▶ _What is required_
Output exactly the lines that run from the start of the records to the line with "Hiware Stainless Steel", counting both ends, and skip the pictures.
── Exercise data
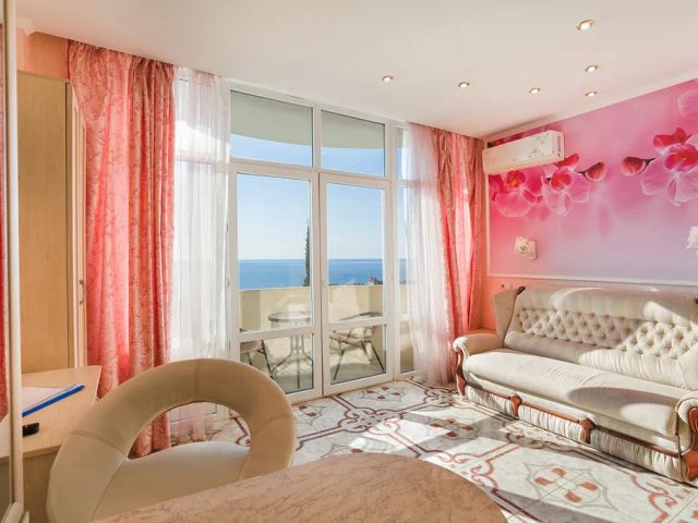 Кухня -студио, два раскладных дивана, санузел с душевой кабинкой, стиральная машинка, шкаф-купе, ТВ и Wi-Fi, посуда, электрочайник, 2-х комфорочная плита, холодидьник, посуда, кондиционер, постель, полотенце, утюг, фен, застекленный балкон с видом на море.
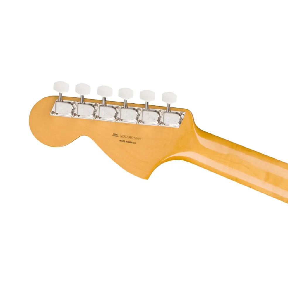 The Vintera® II ’70s Competition Mustang® features an alder body and a maple neck with rosewood fingerboard for classic Fender tone that’s full of punch and clarity. The early-’70s C-shape neck is based on a classic ’70s profile for an intuitive and inviting feel, while the 7.25 radius fingerboard with vintage-tall frets provide vintage comfort with ample room for big bends and expressive vibrato. Under the hood, the vintage-style ’70s single-coil pickups deliver all the sweet and sparkling, warm and woody tone that made Fender famous. The vintage-style Mustang® floating tremolo lets you dive and wail with abandon, while F-stamped tuning machines provide classic looks and enhanced tuning stability to complete the package.
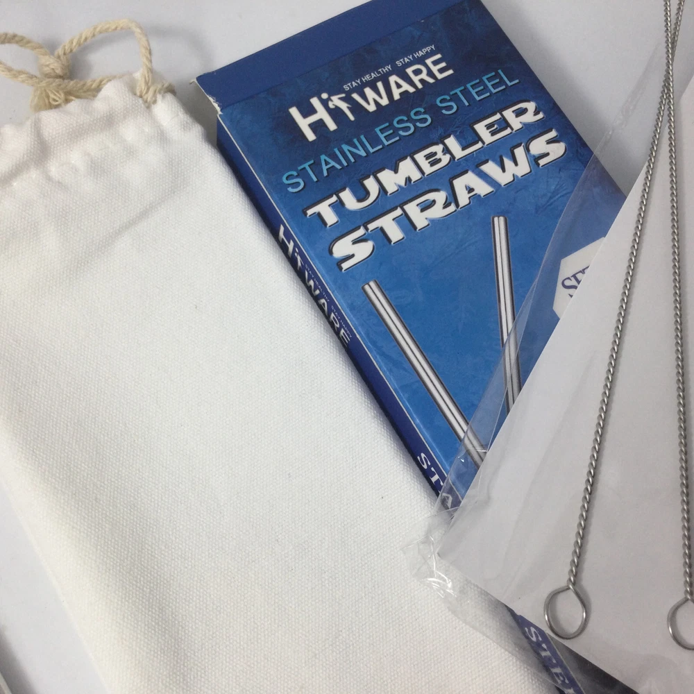 Hiware Stainless Steel Tumbler Straws Set of 10 Open Box New. 5 x 8.5" long 5 x 10.5" long. New. never used. Open box /original box included 12 straws/. It will come with 2 cleaning brushes and a storage, fabric bag. InvN/ES/1
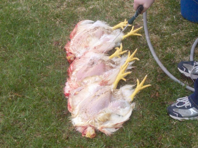 I keep my scald water on the stove, in an old water bath canning pot. I fill about 2/3 full, and then squirt in a good squirt or two of dish soap. This helps work into the feathers to loosen, and also keeps the smell down. I find the prewash with the hose helps heat transfer, so I lose less heat when scalding, which means less time to bring the water to temp. I aim for about 150 degrees, and check the water temp between birds.
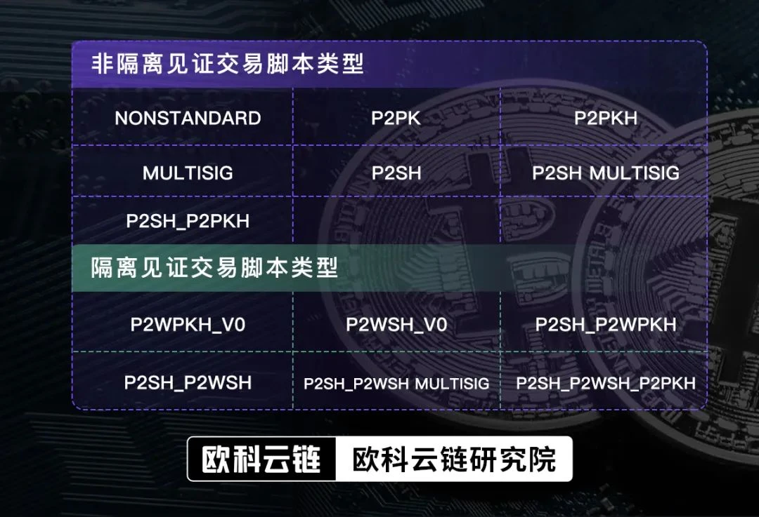 需要注意的是,在进行脚本类型解析时,我们首先要判断交易是否为隔离见证交易。如果是隔离见证交易则需要对 Witness 信息进行解析。以下为常见的非隔离见证交易脚本和隔离见证交易脚本列表:
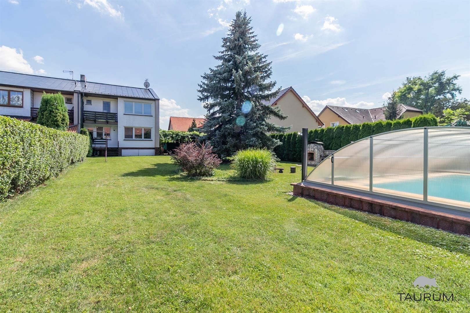 Z kuchyně nebo i přímo z prostoru pro parkovací místa jsou přístupy na krásnou, velkou, rovinatou a udržovanou zahradu, kde je možné posezení jak pod pergolou s krbem, tak na lavičce pod vzrostlým jehličnanem. Najdete tam též plně funkční bazén a zahradní domek, který je rozdělen na obytnou a užitnou část.
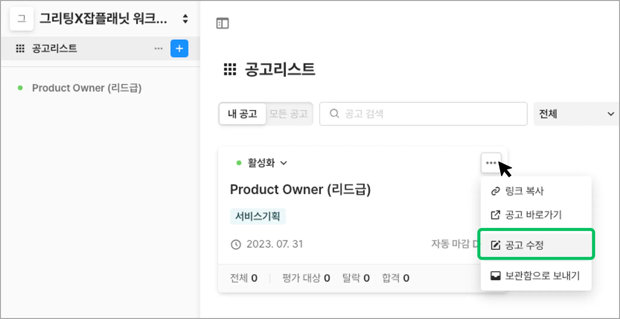 3. 그리팅에 연동된 공고 수정하기
────
▶ _Answer section_
 Кухня -студио, два раскладных дивана, санузел с душевой кабинкой, стиральная машинка, шкаф-купе, ТВ и Wi-Fi, посуда, электрочайник, 2-х комфорочная плита, холодидьник, посуда, кондиционер, постель, полотенце, утюг, фен, застекленный балкон с видом на море.
 The Vintera® II ’70s Competition Mustang® features an alder body and a maple neck with rosewood fingerboard for classic Fender tone that’s full of punch and clarity. The early-’70s C-shape neck is based on a classic ’70s profile for an intuitive and inviting feel, while the 7.25 radius fingerboard with vintage-tall frets provide vintage comfort with ample room for big bends and expressive vibrato. Under the hood, the vintage-style ’70s single-coil pickups deliver all the sweet and sparkling, warm and woody tone that made Fender famous. The vintage-style Mustang® floating tremolo lets you dive and wail with abandon, while F-stamped tuning machines provide classic looks and enhanced tuning stability to complete the package.
 Hiware Stainless Steel Tumbler Straws Set of 10 Open Box New. 5 x 8.5" long 5 x 10.5" long. New. never used. Open box /original box included 12 straws/. It will come with 2 cleaning brushes and a storage, fabric bag. InvN/ES/1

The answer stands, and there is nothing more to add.